WORK REQUIRED:
Please output exactly the part of the records below that opens with the line containing "Sticker rond rouge" and closes with the line containing "Precompiled Header 설정을 위해 프로젝트 속성을 누른다.", both lines included, and nothing else.

RECORDS SUPPLIED:
"""

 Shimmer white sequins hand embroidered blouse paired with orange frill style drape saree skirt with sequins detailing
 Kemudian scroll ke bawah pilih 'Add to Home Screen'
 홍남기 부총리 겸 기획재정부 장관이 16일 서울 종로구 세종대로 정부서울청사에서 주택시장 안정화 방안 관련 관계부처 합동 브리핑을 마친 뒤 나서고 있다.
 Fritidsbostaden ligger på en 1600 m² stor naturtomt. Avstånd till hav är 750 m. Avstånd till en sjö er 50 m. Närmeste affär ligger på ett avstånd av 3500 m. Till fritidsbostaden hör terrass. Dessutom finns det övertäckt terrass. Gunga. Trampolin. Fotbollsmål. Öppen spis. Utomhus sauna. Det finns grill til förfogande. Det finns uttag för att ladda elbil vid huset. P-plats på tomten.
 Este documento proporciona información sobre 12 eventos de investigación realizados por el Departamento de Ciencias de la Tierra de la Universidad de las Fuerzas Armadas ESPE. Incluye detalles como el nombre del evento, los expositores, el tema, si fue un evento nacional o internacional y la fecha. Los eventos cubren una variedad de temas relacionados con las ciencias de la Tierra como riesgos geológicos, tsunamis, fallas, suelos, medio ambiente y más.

"""
"""

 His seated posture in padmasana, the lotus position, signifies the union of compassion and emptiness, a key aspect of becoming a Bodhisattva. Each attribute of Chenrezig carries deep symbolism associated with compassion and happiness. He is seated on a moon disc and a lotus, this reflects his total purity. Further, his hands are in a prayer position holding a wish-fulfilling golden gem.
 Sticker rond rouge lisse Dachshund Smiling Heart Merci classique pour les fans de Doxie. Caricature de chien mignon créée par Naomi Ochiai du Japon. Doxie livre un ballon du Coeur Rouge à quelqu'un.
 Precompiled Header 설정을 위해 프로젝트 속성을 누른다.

"""
"""

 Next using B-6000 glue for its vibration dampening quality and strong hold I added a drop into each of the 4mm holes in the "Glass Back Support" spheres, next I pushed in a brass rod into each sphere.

"""

RESPONSE AREA:
 Sticker rond rouge lisse Dachshund Smiling Heart Merci classique pour les fans de Doxie. Caricature de chien mignon créée par Naomi Ochiai du Japon. Doxie livre un ballon du Coeur Rouge à quelqu'un.
 Precompiled Header 설정을 위해 프로젝트 속성을 누른다.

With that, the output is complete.